ANOHNI will be joined by an 9-piece band including Julia Kent (cello), Maxim Moston (violin), Doug Wieselman (multi-instrumentalist) and Jimmy Hogarth (guitarist/producer).
Ticket presale with exclusive offer on Wed Feb 28th and Thurs 29th only at ANOHNI.com. General tickets on sale 10am Friday March 1st.

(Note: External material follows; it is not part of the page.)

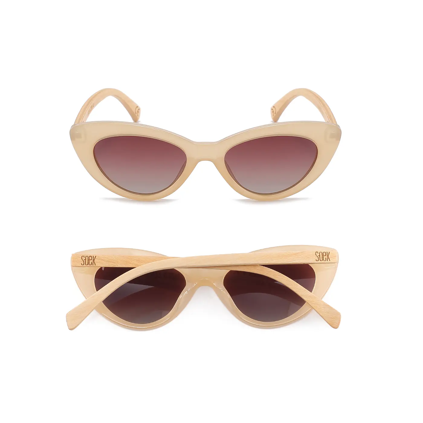 This is an iconic slim cat eye sunglass that never goes out of style. Favoured by style icons for generations, our Savannah is finished in a clear blush pink with walnut wood arms and fitted with gradient brown lenses.
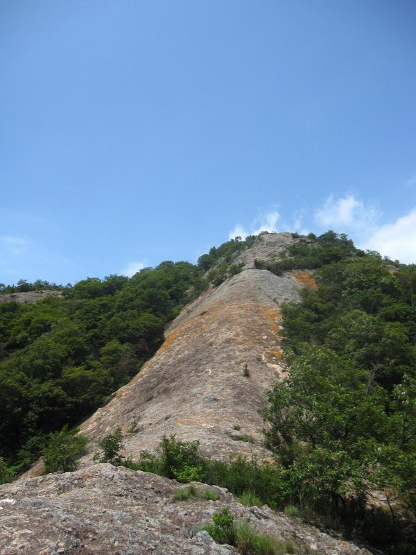 紅山の南入口から入ると、小野アルプスの山場である急な岩場。

June 13 – Athens – Epidaurus Festival Herodion
June 15 – Ravenna Festival – Pala de André
June 18 – Madrid – Noche del Botanico
June 20 – San Sebastián – Kursaal Auditorium
June 26 & 27 – Paris – Philharmonie
July 1 & 2 – London – Barbican
July 6 – Gent Jazz Festival
July 9 – Berlin – Citadel del Music Festival
July 12 & 13 – Copenhagen – DR Koncerthaus
Born in the UK and raised in Amsterdam and California, ANOHNI relocated to NYC in her late teens, forming her group in 1998 and establishing a unique path in music with a focus on animist and eco-feminist themes. ANOHNI’s musical journey has spanned genres – from electronic experimental to avant-classical, dance, and soul. Achieving breakthrough success in 2005 with I Am a Bird Now (2005), she garnered the UK Mercury Music Prize. Notable releases since include The Crying Light (2009), Swanlights (2010), and live albums Cut The World (2012) and TURNING (2014). In 2016, she released the sharply political experimental electronic album HOPELESSNESS, produced by Hudson Mohawke and Daniel Lopatin. The same year, she received an Academy Award nomination for the environmentalist elegy, Manta Ray, featured in the film Racing Extinction (dir. Louie Psihoyos, 2015).
ANOHNI’s sixth studio album, My Back Was A Bridge For You To Cross (2023), continues to model and encourage transformation in our ways of thinking about spirituality, societal structures, and our relationships with the biosphere. The record was named album of the year by The New Yorker. The artist reaches for courage, expression, resilience, and ceremony in the face of an unprecedented contemporary landscape, and emphasizes, “For me, there’s no heavenly respite; Creation is a spectral and feminine continuum, and we remain an inalienable part of Nature.”